Pada masa pemilihan presiden saya harus berpisah dengan tokoh muda yang saya dukung pada pileg 2014 sedulur RP dan memilih bergabung dengan teman-teman Poros Muda Indonesia, kaukus kaum muda golkar yang mendukung Joko Widodo-Jusuf Kalla. Kenapa saya harus mendukung Joko Widodo? Karena beliau adalah pemimpin yang terlahir dari barisan rakyat bukan dari elit politik di Republik ini. Secara tidak langsung dalam konteks ini saya berada dalam garis yang sama dengan sahabat-sahabat, kami mendukung JOkOWI-JK. Perbedaanya diruang saja, saya dengan kaukus Golkar mereka dengan PKB.

Di Poros Muda Golkar inilah semakin terbukanya interaksi dan banyak mengenal tokoh-tokoh muda, katakanlah Indra J Pilliang, Andi Sinulingga, Erwi Aksa, Anies Baswedan yang sekarang menjadi menteri pendidikan. Dijalan Surabaya-Mentenglah saya menyempatkan diri berikrar “tantangan baru ini sudah dimulai” ikrar yang muncul (karena iri) dari semangat pembaharuan kaum muda Indonesia yang Anti Mainstream lagi-lagi Anti Mainstream. Tapi kenyataan berkata lain, mereka yang saya kenal tak serta merta melirik. Saya kembali menjadi peteriak yang sumbang, peteriak yang kehilangan arah kemana teriakan ini akan diarahkan.

Joko Widodo dan Jusuf Kalla dilantik sebagai presiden dan wakil presiden 20 Oktober 2014 ucapan selamat berdatangan ditimeline Twitter, Facebook, memang bukan untuk saya untuk Jokowi dan JK, untuk rakyat Indonesia. Tapi rasa bangga membuat saya terharu sambil berkata “diantara kemenanganmu ada keringat yang telah kukucurkan”. Hiruk pikuk, omongan ini itu, desain bangsa Indonesia dimasa kepemimpinan ini menjadi obrolan dimeja kopi. 

Para sahabat sibut mencari sosok untuk menjadikannya sebagai patron politik, menjadi cantolan untuk sekedar menyambung hidup, ada yang melamar menjadi TA DPR, ada yang melamar menjadi sekretaris kantor di Senayan sana, ada yang PDKT pada staf khusus menteri yang belum ditunjuk oleh presiden. Sementara saya hanya bingung kemana saya harus menyandarkan diri, kemana saya harus mecari tuan, agar kelangsungan hidup terus berlanjut, agar istri dan anak kembali bangga, agar mertua tidak terus berisik, supaya orang tua ada bahan cerita buat tetangga sekitar. Ditengah-tengah kebingungan sembari refleksi menyadari ini sebuah resiko yang harus ditelan sebagai seorang yang Anti Mainstream, ya...Anti Mainstream

Tetap Berjalan diantara COD.

Kalau membaca dari separuh perjalanan hidup terasa sesak, menyakitkan dan menuai penyesalan tak berujung, menyalahkan sikap, menyalahkan keadaan. Sembari berusaha dan berdoa pada Yang Maha Kuasa dengan niatan tulus semua dilakukan untuk sekedar menyambung hidup, karena bermimpipun sudah tidak sanggup. Ditengah ketidak pastian saya bertemu dengan saudara sepupu yang saya anggap sangat idealis, egois.
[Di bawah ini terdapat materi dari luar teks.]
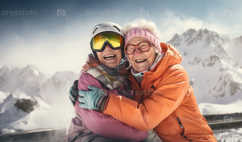 Две пожилые женщины в горнолыжном снаряжении трогательно обнимаются на заснеженной вершине горы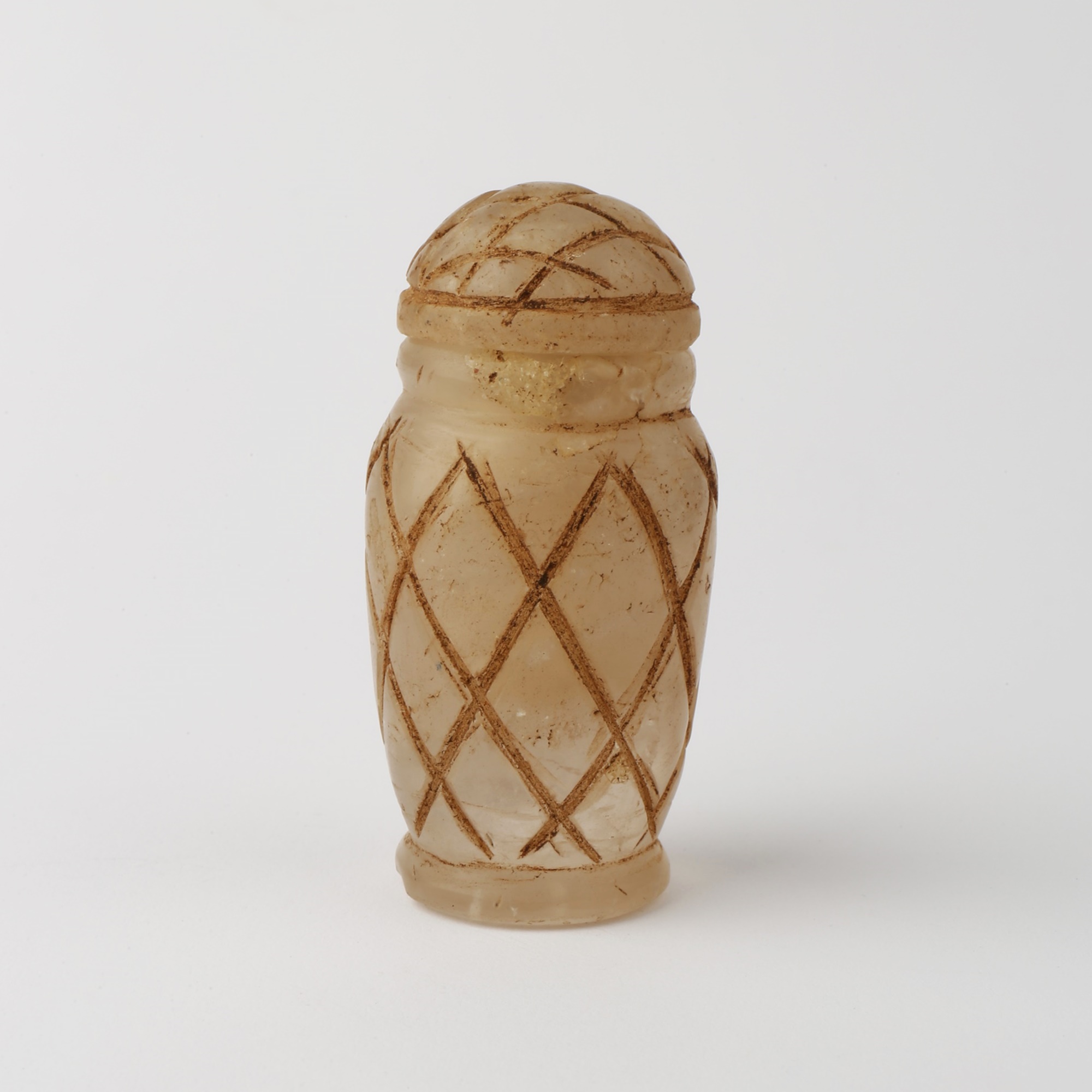 Unguentarium made of alabaster, carved and painted to made a diamonds decor. Matching hemispherical stopper.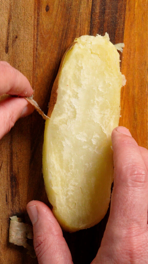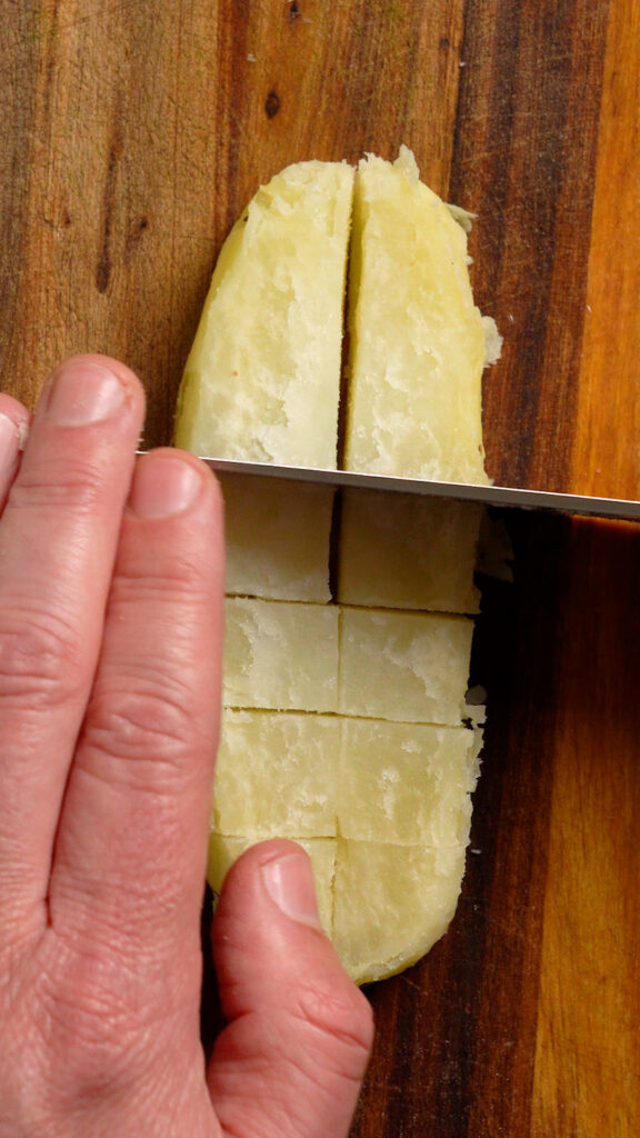 - Let them cool for a minute or so, then cut them into thirds long ways. You can keep the skin on, but they will be very easy to peel as well. Just make sure you don't burn yourself as they will still be hot. If you find them too hot to handle let them cool for a bit after cutting into thirds.Next cut each plank in half longways. Cut each sliver into cubes 3/4 to 1" thick.

Sepupu itu namanya Qiqi, anak muda penyuka gitar. Pernah suatu ketika saya berikan informasi tentang situs jual beli. Awalnya dia sangat enggan dan menganggap biaya hidup dan pendidikannya adalah tanggung jawab dari orang tuanya, jadi buat apa bisnis buat apa jualan online, tugasnya adalah belajar dan membaca. Sangat egois bukan??? Ya dia sangat egois

Sekembali dari jakarta, karena gagal bertarung dengan atmosfernya, saya ditakdirkan bertemu dengan dia yang telah berubah dan mempunyai aset jual beli online yang lumayan; seukuran dia. Bercerita tentang usahanya, walaupun agak kaku karena sebelumnya memang ada salah paham diantara kita. Menggambarkan betapa indahnya kehidupan yang dijejakinya, banyak tahu karakter para penghuni bumi, bisa membaca peluang pasar, dan tentang tantangan hidup di Negeri ini.
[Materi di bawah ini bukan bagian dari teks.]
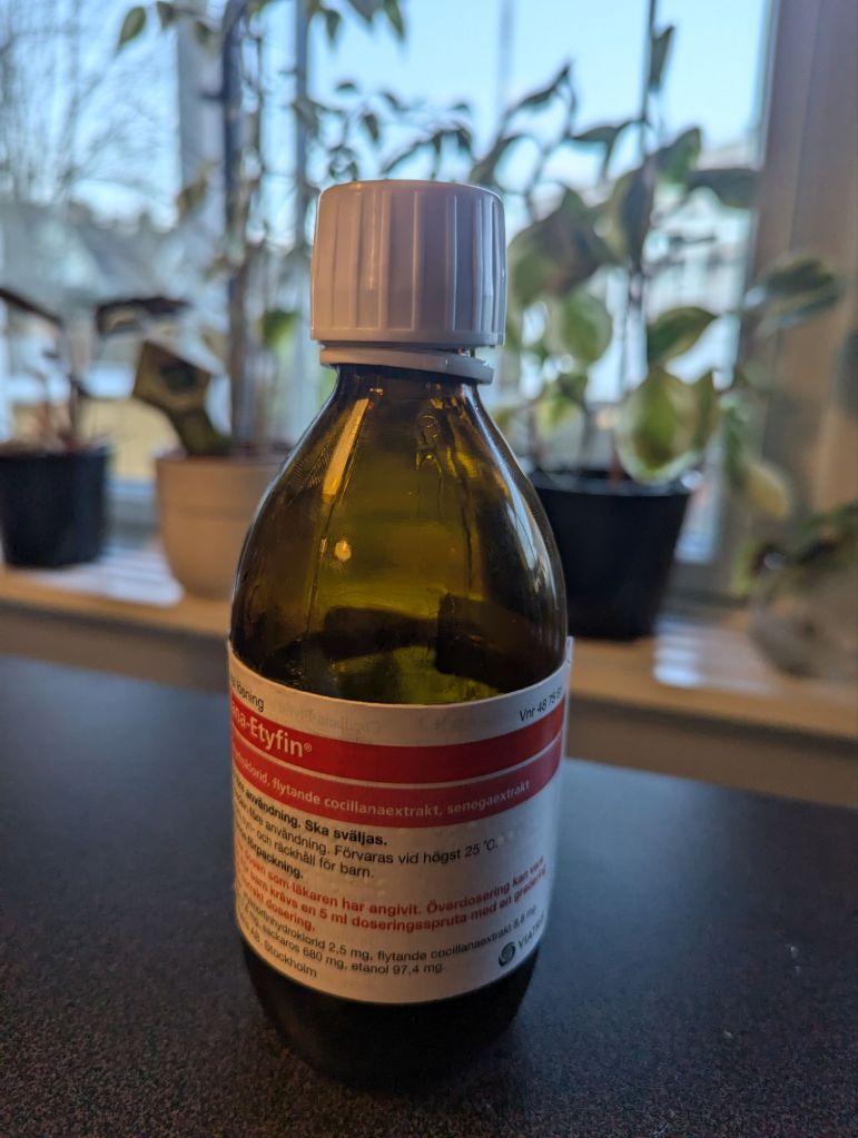 Tänker även på de som utvecklat den hostmedicin jag just nu använder. På sitt sätt är de också ett bönesvar, människor som genom sin kunskap och sitt arbete har bidragit till något som förhoppningsvis hjälper mig att bli av med hostan.

Dan dengan penuh semangat menawarkan kerjasama dalam usaha online. Bak gayung bersambut saya mengiyakan tawaran tersebut, dan inilah awal cerita saya kembali pada usaha yang sebelumnya saya lakukan juga. Dengan besar hati saya harus menerima kenyataan ini, menjadi bakul online. Beli dan jual kembali barang yang kami dapat dan hasilnya harus kami bagi sesuai proporsinya.
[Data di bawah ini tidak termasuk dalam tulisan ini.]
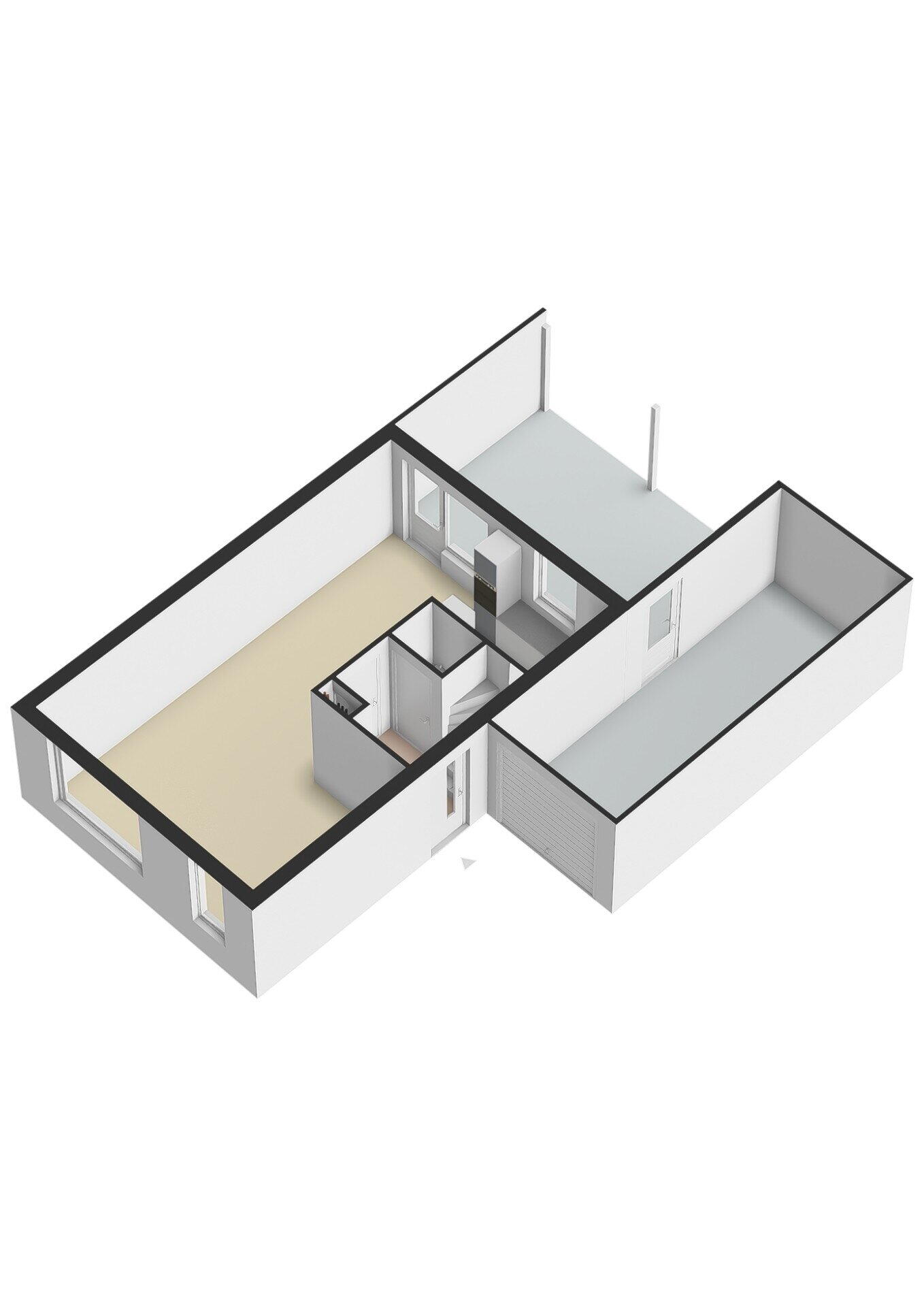 Begane grond: Voortuin; oprit; Garage. Entree/hal met o.a. meterkast en betegelde toilet met fonteintje; lichte woonkamer en semi-open keuken. De keuken is voorzien van: een gaskookplaat, magnetron (defect), vaatwasser (2024), koelkast en afzuigkap. Via de woonkamer/keuken bereikbare ruime en onderhoudsvrij aangelegde achtertuin met kunststof overkapping en hiernaast gelegen garage.

Setidaknya dia yang membukakan pintu semangat yang mulai surut waktu itu. Setidaknya dia yang menjadi teman yang tidak menjustifikasi dan tidak pernah berkata-kata dengan nada tinggi. Dia tidak pernah mengintrik, tidak pernah menilai sebagai the fail soldier.

Setiap hari harus COD (Cek On Delivery) barang dagangan yang kami punya saat itu, karena kami mengikuti prinsip waktu orang barat The Time is Money. Kami harus mengoptimalkan usaha agar kami tidak rugi dan rugi.  Lima puluh ribu untung paling banyak yang kami dapat, terkadang cuma dapat untung dua puluh ribu rupiah saja. Alhamdulillah Qiqi selalu menyebutnya

Kalau sahabat-sahabat yang sudah menikmati nyamanya hidup mengetahui hal ini, pasti (saya yakin) mereka akan mencibir dan menjadikannya bahan intrikan, lihat itu Fulan sedang COD sang aktifis yang anti mainstream, lihat dia aktifis yang terkutuk karena ulahnya. Kalau orang tua saya tahu nasib anaknya saat ini mungkin beliau-beliau akan menangisinya. Seandainya mertua saya tahu mungkin dia akan menyalahkan anaknya dan mengatakan “makane dadi anak melu omongane wong tuo, golek bojo seng bener”.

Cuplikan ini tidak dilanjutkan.